(Supplied records begins)

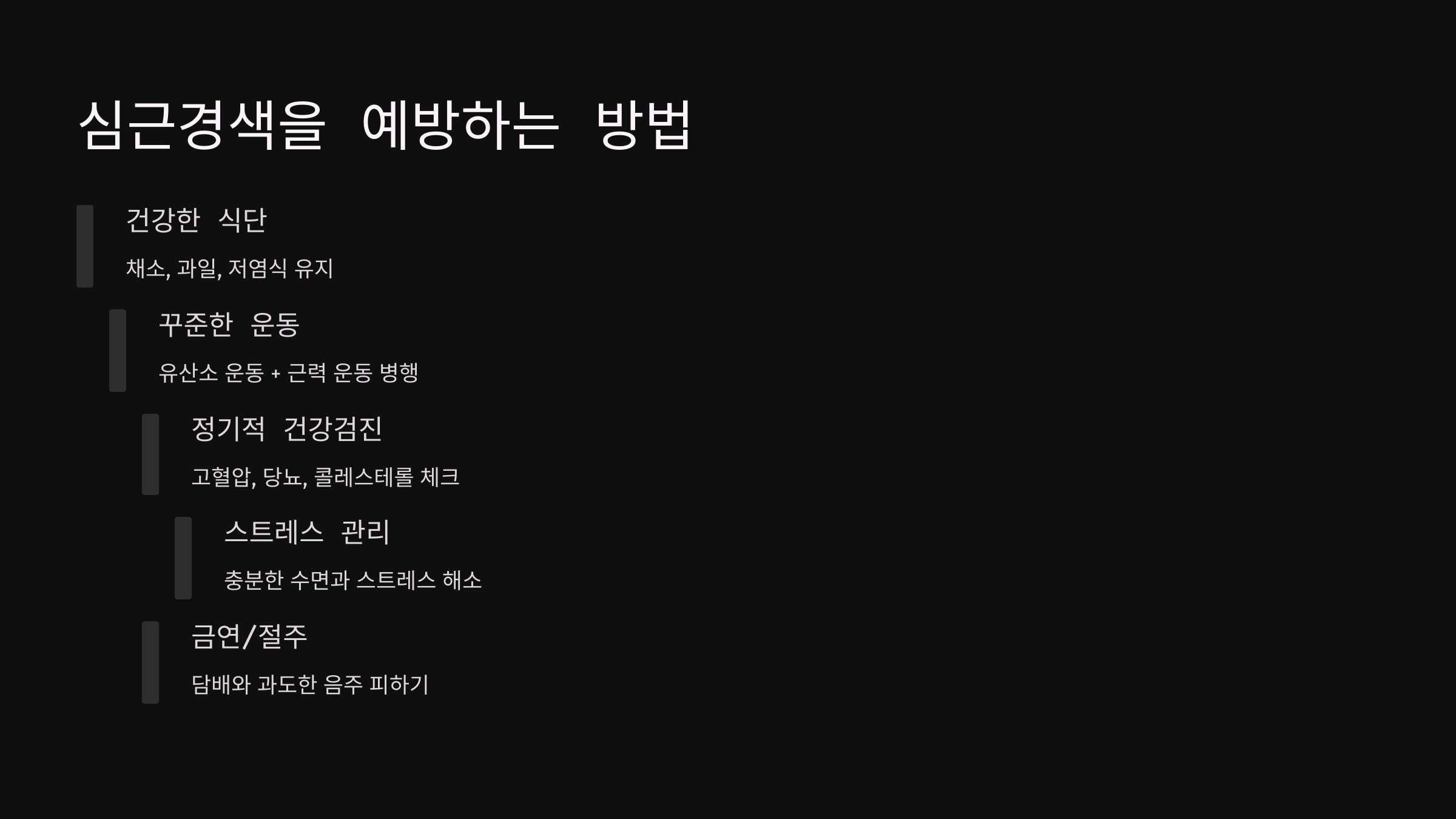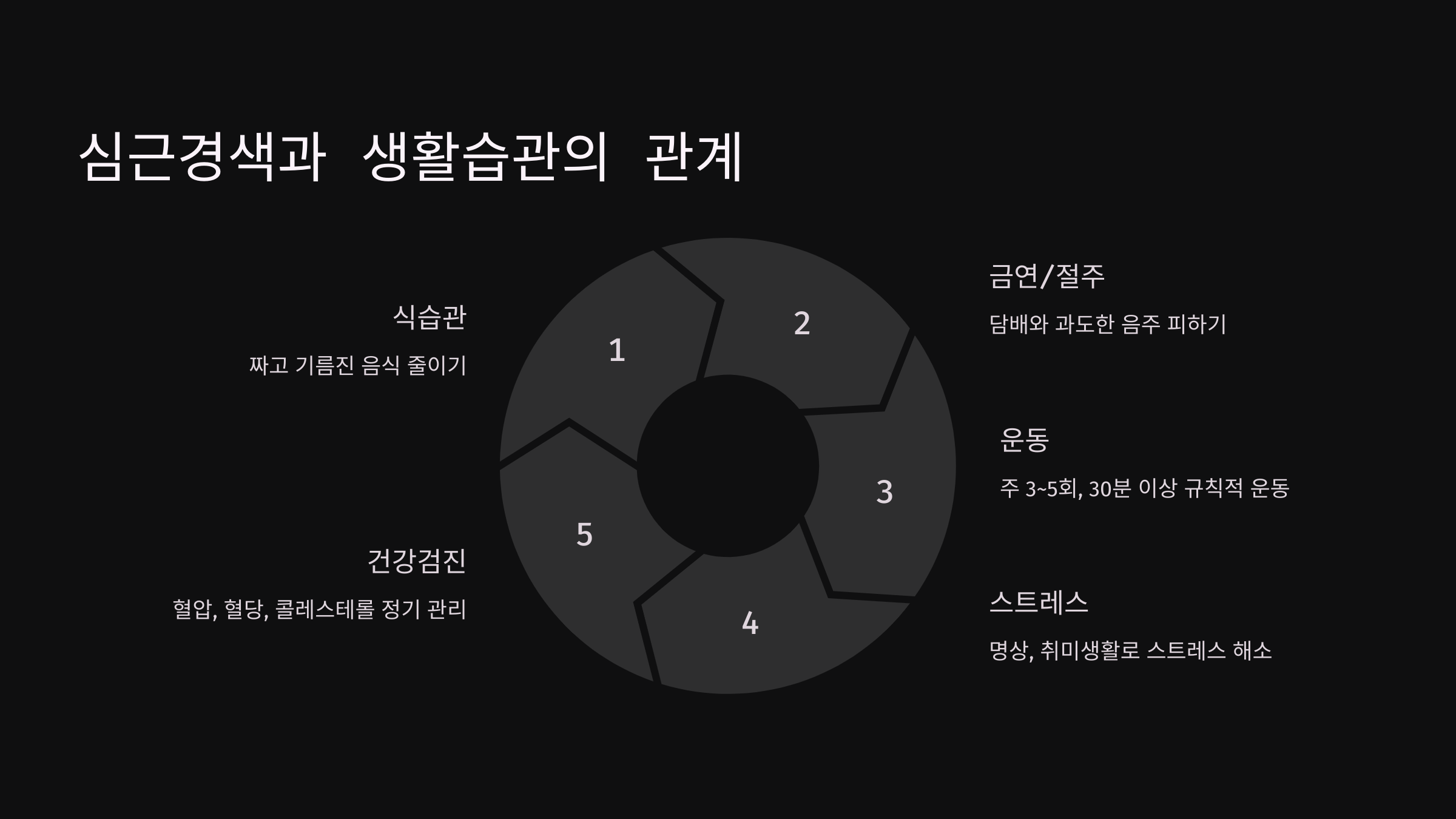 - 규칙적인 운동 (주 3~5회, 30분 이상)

(Supplied records ends)
(Supplied records begins)

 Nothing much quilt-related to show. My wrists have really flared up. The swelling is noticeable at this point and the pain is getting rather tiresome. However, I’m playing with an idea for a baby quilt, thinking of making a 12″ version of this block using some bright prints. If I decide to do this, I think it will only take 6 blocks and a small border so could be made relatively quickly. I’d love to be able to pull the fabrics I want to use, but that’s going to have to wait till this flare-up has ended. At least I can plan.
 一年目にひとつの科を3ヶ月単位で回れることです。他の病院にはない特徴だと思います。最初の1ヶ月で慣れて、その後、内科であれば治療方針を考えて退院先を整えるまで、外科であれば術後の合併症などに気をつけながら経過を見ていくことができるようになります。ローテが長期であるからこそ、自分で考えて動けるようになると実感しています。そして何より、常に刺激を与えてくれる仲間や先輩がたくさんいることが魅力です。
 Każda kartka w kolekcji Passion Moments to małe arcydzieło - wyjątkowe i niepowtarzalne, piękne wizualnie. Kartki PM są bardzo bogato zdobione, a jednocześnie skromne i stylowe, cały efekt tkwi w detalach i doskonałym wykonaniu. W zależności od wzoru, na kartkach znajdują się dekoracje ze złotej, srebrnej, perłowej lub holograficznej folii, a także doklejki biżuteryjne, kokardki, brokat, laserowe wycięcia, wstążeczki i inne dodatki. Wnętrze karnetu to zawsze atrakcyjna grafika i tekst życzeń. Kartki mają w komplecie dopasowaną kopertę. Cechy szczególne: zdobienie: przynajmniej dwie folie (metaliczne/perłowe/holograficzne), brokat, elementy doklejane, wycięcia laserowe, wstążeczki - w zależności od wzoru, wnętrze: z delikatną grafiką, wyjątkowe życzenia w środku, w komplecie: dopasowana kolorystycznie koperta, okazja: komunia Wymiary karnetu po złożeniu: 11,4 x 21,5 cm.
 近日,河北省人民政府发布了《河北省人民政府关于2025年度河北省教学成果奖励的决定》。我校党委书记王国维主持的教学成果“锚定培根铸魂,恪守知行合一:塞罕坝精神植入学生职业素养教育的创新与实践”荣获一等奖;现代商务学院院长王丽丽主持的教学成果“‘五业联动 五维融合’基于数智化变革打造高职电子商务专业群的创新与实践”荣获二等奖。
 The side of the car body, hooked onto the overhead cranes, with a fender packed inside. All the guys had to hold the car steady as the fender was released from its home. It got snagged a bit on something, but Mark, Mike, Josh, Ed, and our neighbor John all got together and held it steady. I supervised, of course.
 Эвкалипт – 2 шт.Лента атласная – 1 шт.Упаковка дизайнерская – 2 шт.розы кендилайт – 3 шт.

(Supplied records ends)

Instructions for the task: Reproduce exactly the lines above from the line with "The side of" to the line with "Эвкалипт – 2", including both, and add nothing.

Response to the task:
 The side of the car body, hooked onto the overhead cranes, with a fender packed inside. All the guys had to hold the car steady as the fender was released from its home. It got snagged a bit on something, but Mark, Mike, Josh, Ed, and our neighbor John all got together and held it steady. I supervised, of course.
 Эвкалипт – 2 шт.Лента атласная – 1 шт.Упаковка дизайнерская – 2 шт.розы кендилайт – 3 шт.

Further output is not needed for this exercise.